» **Supplied material**
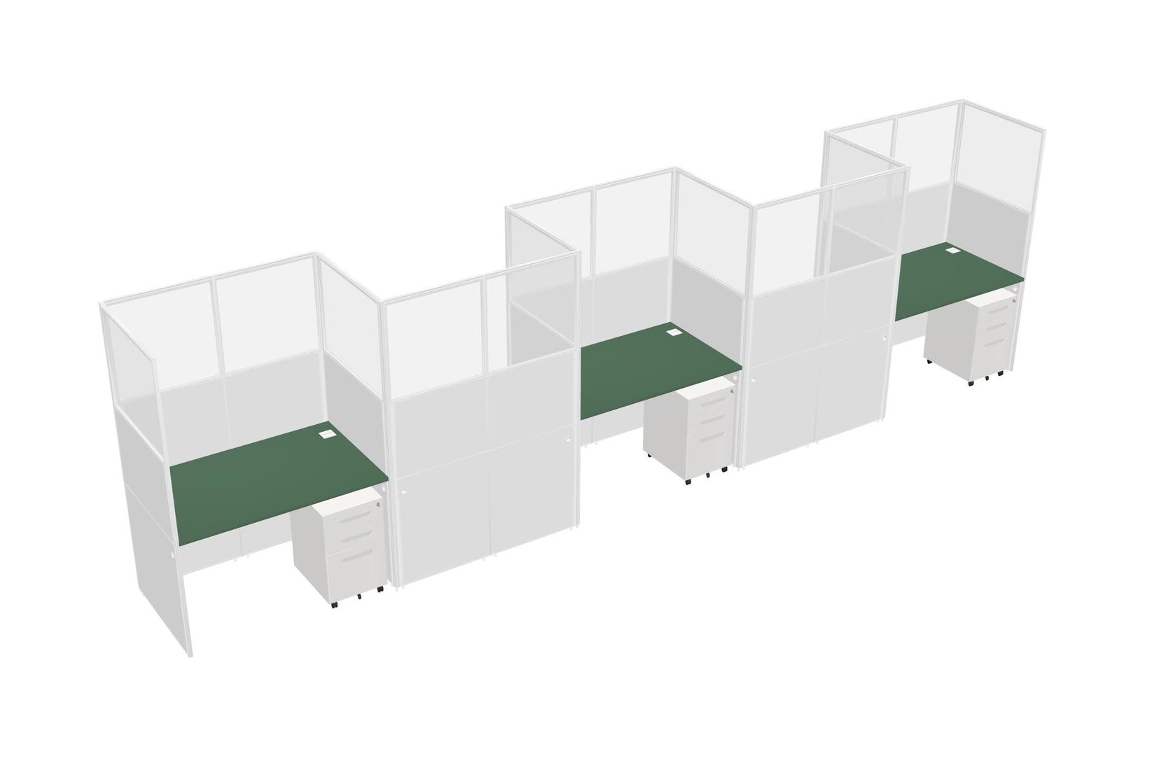 Green Rectangular Cubicle Workstations For 5 - Zigzag Formation + White Metal Mobile Drawers
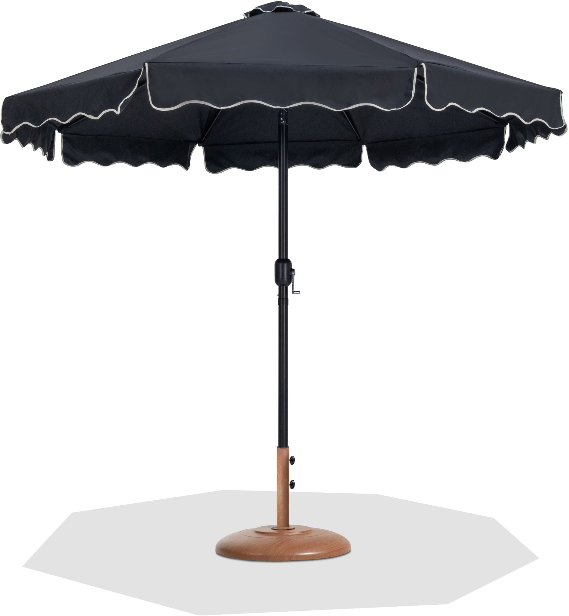 Amalfi - With Cream Piping Aluminum Patio Umbrella With Teak Base / Black Pole - Black
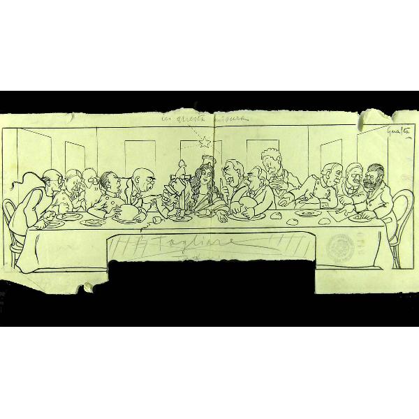 Vignetta satirica sul modello dell'Ultima cena di Leonardo da Vinci

» **Exercise instructions**
Output the data exactly. Leave every picture out.

» **Exercise response**
 Green Rectangular Cubicle Workstations For 5 - Zigzag Formation + White Metal Mobile Drawers
 Amalfi - With Cream Piping Aluminum Patio Umbrella With Teak Base / Black Pole - Black
 Vignetta satirica sul modello dell'Ultima cena di Leonardo da Vinci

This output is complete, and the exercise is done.